Veja – A Igreja só aceita o sexo dentro do casamento e considera que sua finalidade é a reprodução. Como um gay pode se encaixar?
Evertz – Há um outro slogan nos movimentos gays que fala disso. Aliás, é uma frase que geralmente evito por ser muito usada por gays democratas. Diz que "o amor faz uma família". Nós não podemos dizer que um casal de homens ou de mulheres não forma uma família se há amor entre eles.

Veja – O senhor tem uma família?
Evertz – Sim. Vivo há sete anos com o mesmo parceiro e acredito nessa relação como um casamento. Existe amor. Juntos, nós formamos um casal normal, que mora na mesma casa, divide as contas e faz tudo para manter os valores morais e ajudar a criar nossa filha, hoje com 19 anos. Na verdade, ela é filha de meu parceiro que adotei como minha. Esse é um dos motivos que nos levam a ser tão rígidos com os valores morais. Educamos uma criança juntos.

Veja – O senhor defende o homossexualismo como um direito de cada um lidar com sua sexualidade. Mas condena o aborto. Não há nisso uma contradição?
Evertz – Eu creio solidamente que a existência humana está baseada nos direitos civis. Isso basta para crer que uma criança ainda não nascida já é um ser humano, tem direito à vida da mesma forma que os gays e as lésbicas têm direito a viver como eles bem entenderem.

Veja – Como o senhor explica para os heterossexuais que ser gay não é errado?
Evertz – Digo que ser gay não é uma escolha. É um destino. Nós nascemos com isso e somos seres humanos também. Por esse motivo merecemos respeito e direitos iguais.

Veja – O que o senhor diria para um pai que descobre que seu filho adolescente é gay?
Evertz – Em primeiro lugar, calma. Uma reação violenta pode ser muito negativa. Eu lhe diria que seu filho nasceu com essa inclinação e que sua escolha sexual não tem nada a ver com a educação que ele lhe deu. Muitos pais se condenam por seus filhos se tornarem gays. É importante que eles saibam que isso é normal, natural, uma coisa sobre a qual não temos controle. Eu também lembraria a esse pai que seu filho é ainda uma criança e que o amor desse filho pelo pai nunca vai mudar por causa de sua escolha.

Veja – O que o senhor pensa a respeito dos gays brasileiros?
Evertz – Eu não conheço a situação real da comunidade gay no Brasil. Apenas acompanho as notícias veiculadas pelos jornais sobre o preconceito contra os homossexuais, como o caso do gay morto por skinheads. É uma violência típica de países que ainda não estão avançados nos direitos dos homossexuais.

Veja – Mas nos Estados Unidos os gays também sofrem violências. Além disso, muitos Estados americanos punem com cadeia o homossexualismo, coisa que não ocorre no Brasil.

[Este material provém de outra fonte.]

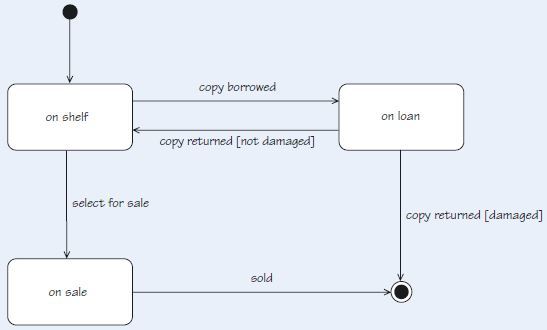 Figure 22 shows a simple statechart diagram for the class Copy. What should happen if the copy returned message arrives when an object of the class Copy is in the state on shelf (assuming that we are not using Design by Contract)?

Como se define "atraso" nessa questão?
Evertz – A violência contra homossexuais diminuiu bastante nos últimos anos. O que ocorre nos Estados Unidos é que existe uma pequena parcela da população extremamente preconceituosa, que ataca todas as minorias, mas ela é duramente combatida. O fato é que tanto o Brasil quanto os Estados Unidos estão atrasados em relação aos direitos dos homossexuais. A Europa tem exemplos do que pode ser feito para realmente igualar os homossexuais aos heterossexuais.

Veja – Os gays americanos conquistaram direitos iguais aos dos heterossexuais. São protegidos de discriminação no trabalho e já ocupam altos cargos no governo. Mas continuam exigindo mais e mais coisas. A igualdade não foi suficiente e agora os gays querem privilégios especiais?
Evertz – Eu só quero ser tratado como qualquer outro americano. Fico muito chateado porque eu e meu companheiro ainda não conseguimos ter o direito básico de nos casar. Como qualquer outro americano tem.